Later Mary received a scholarship to attend Scotia Seminary, a school for African American girls in
Concord, North Carolina. She was strongly influenced by both white and black teachers there and met
some of the people with whom she would work closely later. Although she was very serious about her
studies, this did not prevent her from becoming a lively dancer and developing a lasting love of music.

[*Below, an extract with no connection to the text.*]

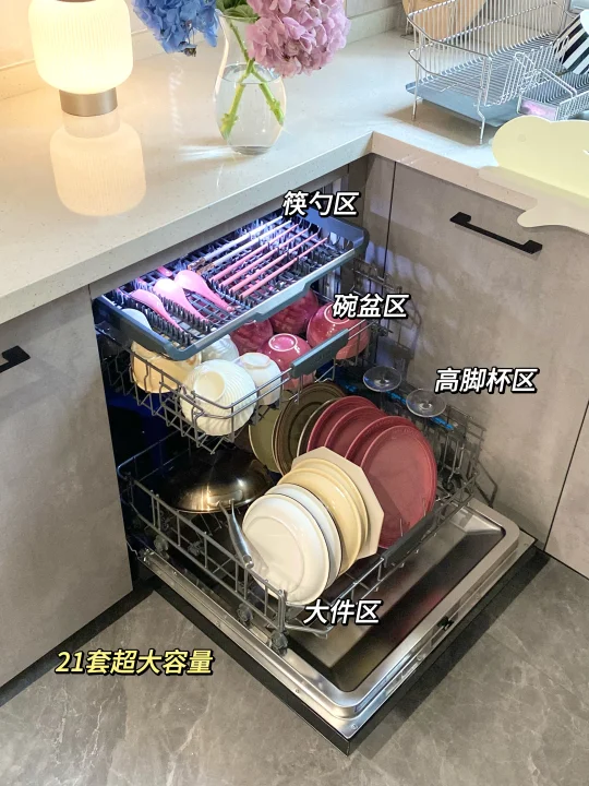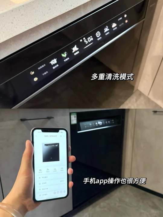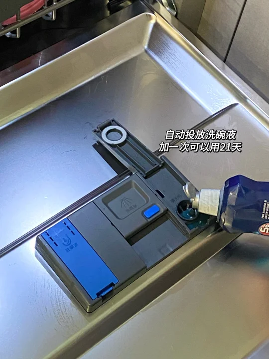 而且它还超省事儿!洗碗液一次加满能用三周,还能根据餐盘量智能控量控水,懒人直接狂喜🥳~平时不在家,长辈不会用也没关系,远程APP一键就能启动清洗🧽,超省心!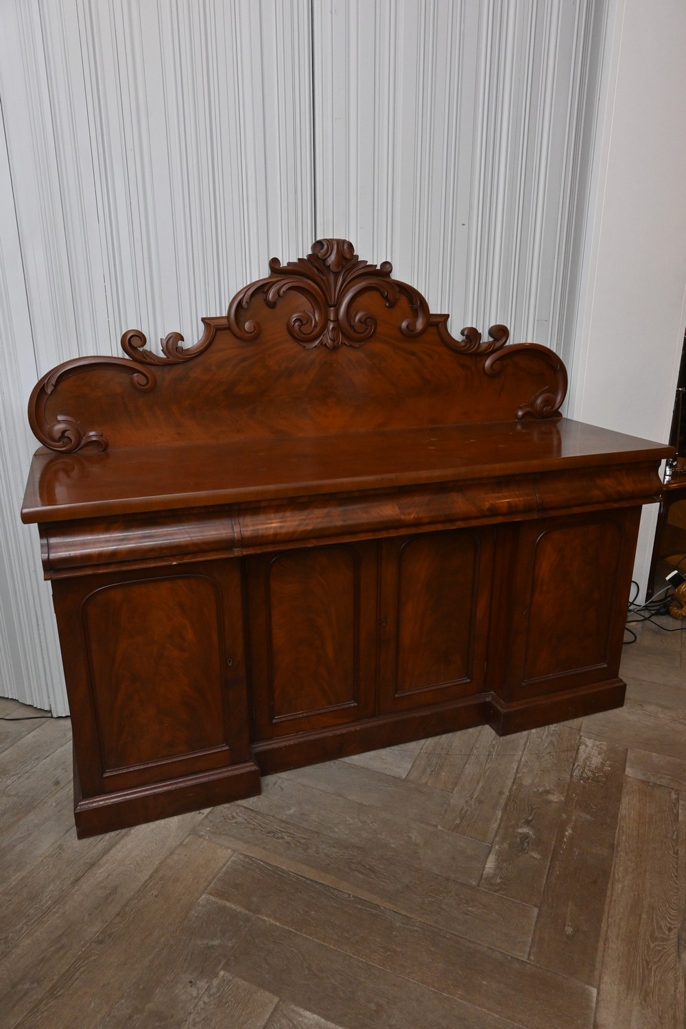 A VICTORIAN MAHOGANY BREAKFRONT SIDEBOARD (154H X 184W X 57D CM) (PLEASE NOTE THIS HEAVY ITEM MUST BE REMOVED BY CARRIERS AT THE CUSTOMER'S EXPENSE. LEONARD JOEL STAFF CANNOT ASSIST CARRYING THIS ITEM) (X-LARGE ITEM)

Dynamic and alert, she was very popular. Her classmates looked to her as a leader. After graduating in
1893 she attended the Moody Bible Institute in Chicago, Illinois.
Career as an educator
After graduation from the Moody Bible Institute, Mary wished to become a missionary in Africa.
However, she was told that African Americans were not allowed to take positions like that. She became
an instructor at the Presbyterian Mission School in Mayesville in 1896 and later at Haines Institute in
Augusta, Georgia, in 1896 and 1897. While she was working at Kindell Institute in Sumpter, South
Carolina, in 1897 and 1898, she met Albertus Bethune, whom she later married and had a son with. Her
devotion to the education of African American children caused problems with the marriage, however,
and the couple eventually separated.
In 1904 the construction of the Florida East Coast Railroad brought hundreds of African Americans to the
area looking for work. Bethune saw a need for education to improve the lives of these people. She
began her career as an educator in earnest when she rented a two-story house in Daytona Beach,
Florida, and began the difficult task of establishing a school for African American girls. Thus, in an era
when most African American children received little or no education, the Daytona Literary and Industrial
School for Training Negro Girls was begun in October 1904, with six pupils (five girls and her own son).

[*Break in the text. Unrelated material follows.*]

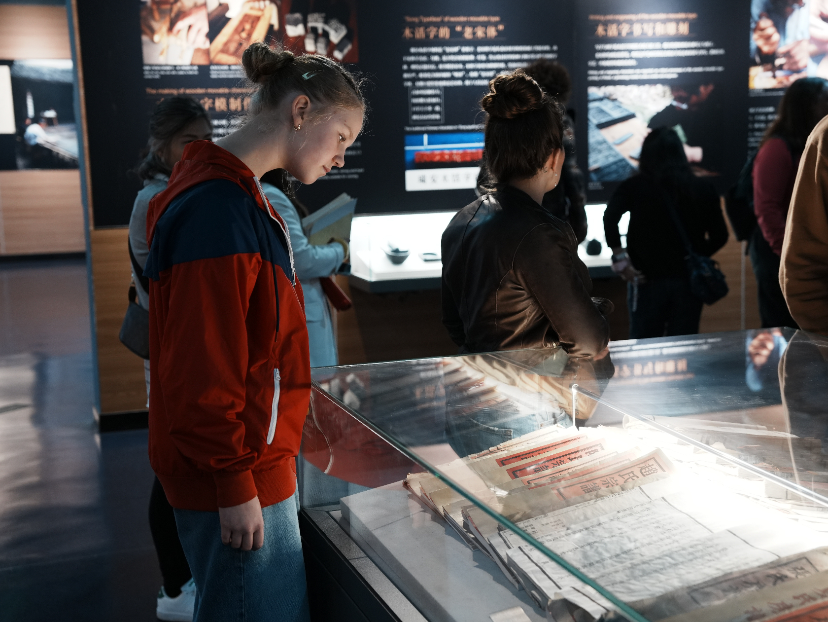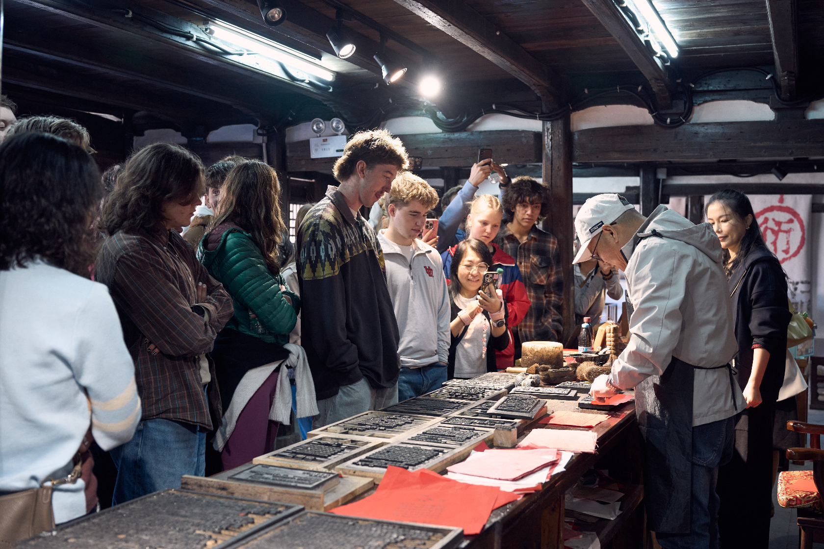 研学队伍首站抵达瑞安东源村,解锁“活着的非遗”——木活字印刷术。在展示馆内,讲解人员细致介绍印刷术的起源与发展历程,各类印刷产品及文物让他们直观感受技艺传承;走进实践中心,非遗传承人亲身示范木活字印刷流程,指导他们循着“刻字、拣字、排版、印刷”的古法步骤操作。美国青少年指尖摩挲温润木活字,认真比对字形、精准摆放字模,再以毛刷轻刷油墨、覆纸按压,看着空白纸张上渐渐浮现清晰字迹与惟妙惟肖的插画,在实践中读懂古老印刷术背后的智慧与汉字文化的独特魅力。

There was no equipment—crates were used for desks, charcoal took the place of pencils, and ink came
from crushed berries.
At first Bethune did everything herself—teaching, administrative duties, handling the money, and
keeping the school clean. She also searched garbage dumps for items that the school could restore and
use, such as furniture and pieces of wood. Later she was able to secure a staff, many of whom worked
loyally for her for many years. To help pay for expansion of the school, Bethune and her pupils baked
pies and made ice cream to sell to nearby construction workers. In addition to her regular classes,
Bethune organized classes for the children of turpentine workers. In these ways she satisfied her desire
to serve as a missionary.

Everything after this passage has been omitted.